──────── Provided records ────────

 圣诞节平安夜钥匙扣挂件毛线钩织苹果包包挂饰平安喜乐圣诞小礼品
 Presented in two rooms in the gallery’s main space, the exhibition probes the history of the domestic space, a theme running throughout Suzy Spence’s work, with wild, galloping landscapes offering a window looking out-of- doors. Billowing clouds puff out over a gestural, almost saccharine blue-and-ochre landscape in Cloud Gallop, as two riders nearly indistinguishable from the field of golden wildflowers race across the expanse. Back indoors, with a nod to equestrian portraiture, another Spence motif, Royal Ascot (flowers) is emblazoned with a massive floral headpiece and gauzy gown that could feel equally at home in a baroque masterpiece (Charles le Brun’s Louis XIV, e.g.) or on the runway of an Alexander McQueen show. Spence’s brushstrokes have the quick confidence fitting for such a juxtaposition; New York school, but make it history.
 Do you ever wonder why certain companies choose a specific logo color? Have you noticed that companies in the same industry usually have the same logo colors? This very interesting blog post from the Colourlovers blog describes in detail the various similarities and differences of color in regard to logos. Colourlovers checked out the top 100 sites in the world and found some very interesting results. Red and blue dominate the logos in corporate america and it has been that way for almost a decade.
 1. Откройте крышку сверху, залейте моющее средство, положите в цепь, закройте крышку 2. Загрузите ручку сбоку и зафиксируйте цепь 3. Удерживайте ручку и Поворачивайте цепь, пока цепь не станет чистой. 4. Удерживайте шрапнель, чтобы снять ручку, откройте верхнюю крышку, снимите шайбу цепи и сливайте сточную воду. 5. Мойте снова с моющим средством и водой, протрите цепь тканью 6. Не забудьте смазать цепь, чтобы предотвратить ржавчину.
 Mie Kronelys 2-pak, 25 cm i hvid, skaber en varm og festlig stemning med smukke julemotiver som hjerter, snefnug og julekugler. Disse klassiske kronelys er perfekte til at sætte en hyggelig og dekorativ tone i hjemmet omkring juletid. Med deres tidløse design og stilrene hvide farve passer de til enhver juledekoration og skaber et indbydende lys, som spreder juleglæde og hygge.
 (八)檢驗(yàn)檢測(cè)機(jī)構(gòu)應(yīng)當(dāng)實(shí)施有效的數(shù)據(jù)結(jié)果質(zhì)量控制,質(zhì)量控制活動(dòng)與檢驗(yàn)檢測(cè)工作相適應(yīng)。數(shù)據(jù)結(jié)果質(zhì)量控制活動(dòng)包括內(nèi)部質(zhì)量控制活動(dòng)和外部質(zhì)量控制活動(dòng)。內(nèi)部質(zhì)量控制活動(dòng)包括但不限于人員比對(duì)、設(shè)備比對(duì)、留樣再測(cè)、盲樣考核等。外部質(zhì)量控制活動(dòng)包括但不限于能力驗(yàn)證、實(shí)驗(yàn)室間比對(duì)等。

────────

### Task instructions
Of the entries listed above, reproduce only the lines starting at the line containing "Presented in two" and ending at the line containing "Do you ever". Include both, exactly as they stand.

### Answer space
 Presented in two rooms in the gallery’s main space, the exhibition probes the history of the domestic space, a theme running throughout Suzy Spence’s work, with wild, galloping landscapes offering a window looking out-of- doors. Billowing clouds puff out over a gestural, almost saccharine blue-and-ochre landscape in Cloud Gallop, as two riders nearly indistinguishable from the field of golden wildflowers race across the expanse. Back indoors, with a nod to equestrian portraiture, another Spence motif, Royal Ascot (flowers) is emblazoned with a massive floral headpiece and gauzy gown that could feel equally at home in a baroque masterpiece (Charles le Brun’s Louis XIV, e.g.) or on the runway of an Alexander McQueen show. Spence’s brushstrokes have the quick confidence fitting for such a juxtaposition; New York school, but make it history.
 Do you ever wonder why certain companies choose a specific logo color? Have you noticed that companies in the same industry usually have the same logo colors? This very interesting blog post from the Colourlovers blog describes in detail the various similarities and differences of color in regard to logos. Colourlovers checked out the top 100 sites in the world and found some very interesting results. Red and blue dominate the logos in corporate america and it has been that way for almost a decade.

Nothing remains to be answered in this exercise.